PROBLEM DESCRIPTION
Leaving out each picture, transcribe the lines of the listing below exactly from the first through the line that contains "全国模范教师、河北农业大学马".

EXTRACTED INFORMATION
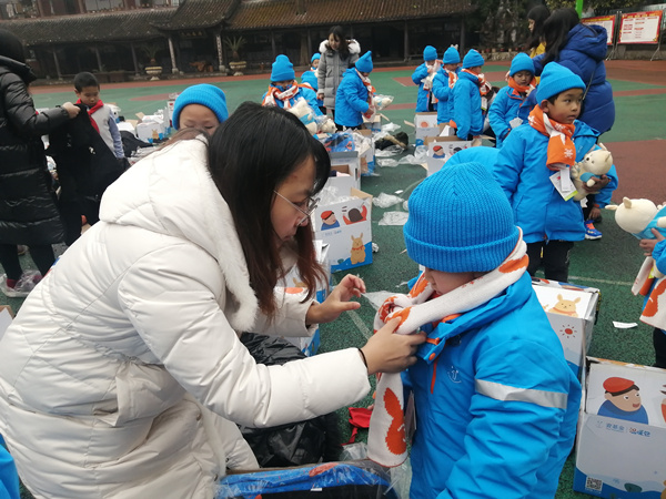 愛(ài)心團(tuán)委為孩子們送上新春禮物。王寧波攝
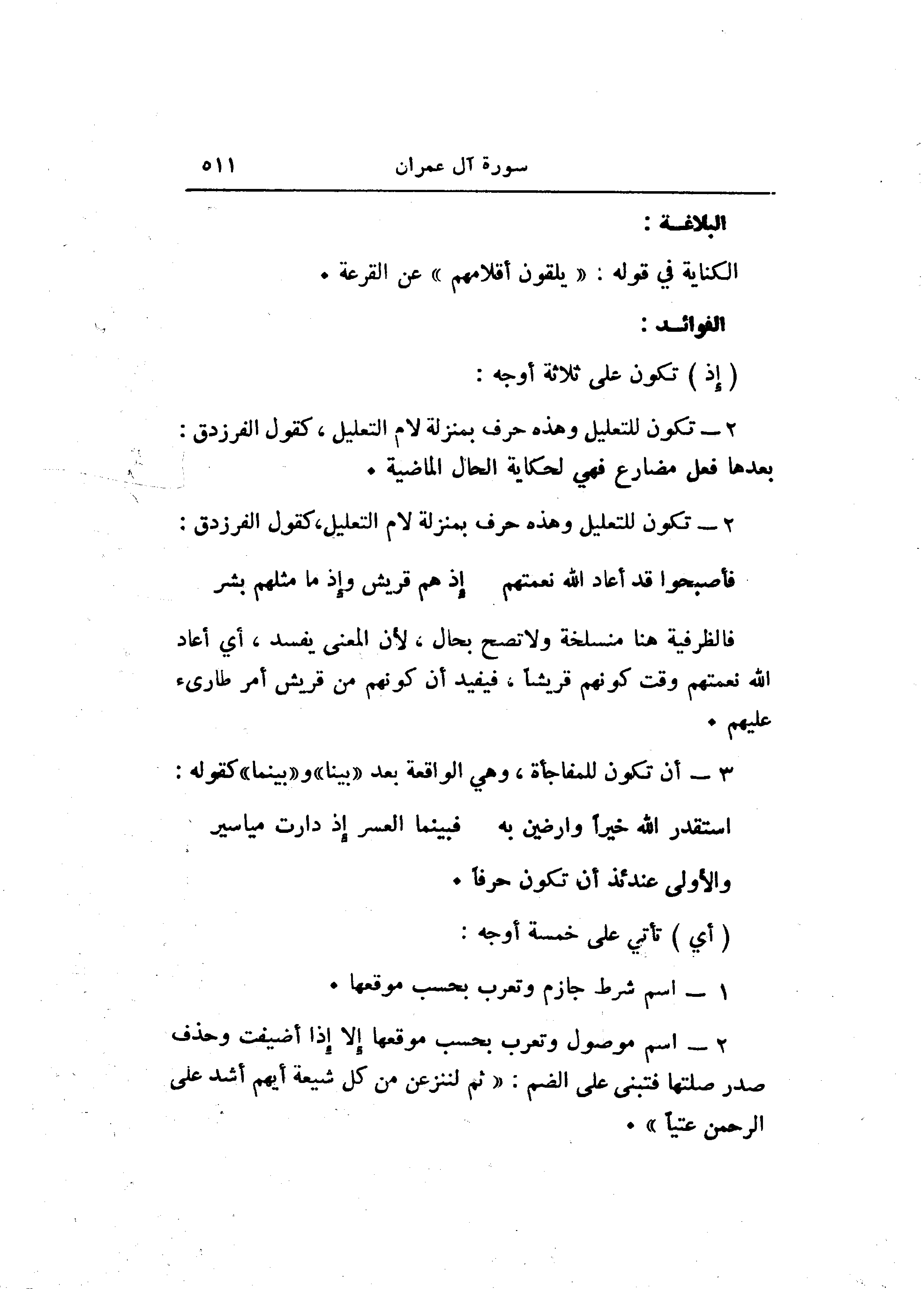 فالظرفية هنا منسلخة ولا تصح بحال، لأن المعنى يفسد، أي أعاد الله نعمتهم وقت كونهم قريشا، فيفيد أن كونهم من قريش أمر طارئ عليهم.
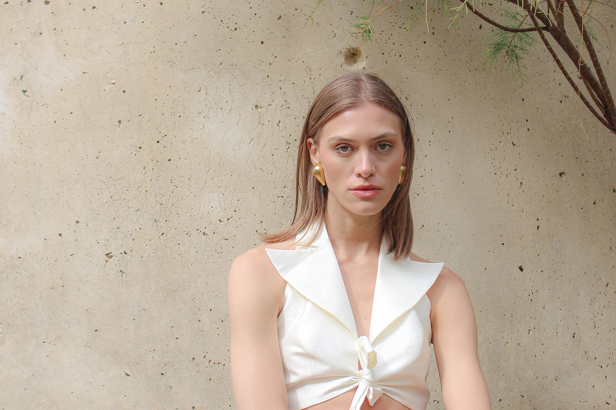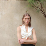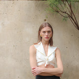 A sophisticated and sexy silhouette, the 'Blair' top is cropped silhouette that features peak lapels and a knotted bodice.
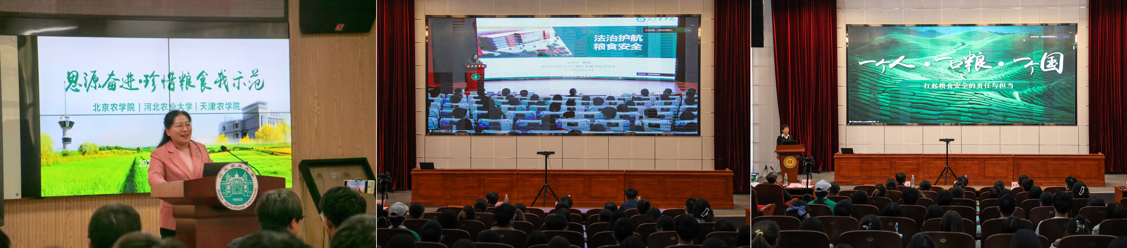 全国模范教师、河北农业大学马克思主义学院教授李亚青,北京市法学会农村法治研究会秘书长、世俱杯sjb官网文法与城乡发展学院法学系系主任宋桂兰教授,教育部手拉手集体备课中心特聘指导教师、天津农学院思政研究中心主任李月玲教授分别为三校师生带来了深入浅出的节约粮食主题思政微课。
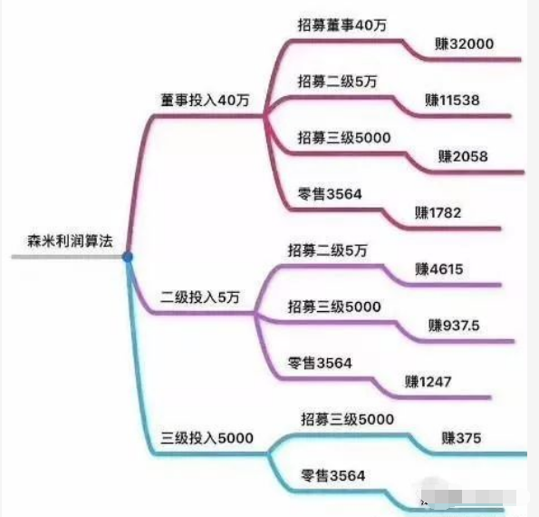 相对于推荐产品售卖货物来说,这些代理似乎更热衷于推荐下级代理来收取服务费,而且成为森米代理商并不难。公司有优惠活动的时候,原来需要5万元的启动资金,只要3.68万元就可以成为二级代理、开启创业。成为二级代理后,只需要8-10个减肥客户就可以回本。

RESPONSE AREA
 愛(ài)心團(tuán)委為孩子們送上新春禮物。王寧波攝
 فالظرفية هنا منسلخة ولا تصح بحال، لأن المعنى يفسد، أي أعاد الله نعمتهم وقت كونهم قريشا، فيفيد أن كونهم من قريش أمر طارئ عليهم.
 A sophisticated and sexy silhouette, the 'Blair' top is cropped silhouette that features peak lapels and a knotted bodice.
 全国模范教师、河北农业大学马克思主义学院教授李亚青,北京市法学会农村法治研究会秘书长、世俱杯sjb官网文法与城乡发展学院法学系系主任宋桂兰教授,教育部手拉手集体备课中心特聘指导教师、天津农学院思政研究中心主任李月玲教授分别为三校师生带来了深入浅出的节约粮食主题思政微课。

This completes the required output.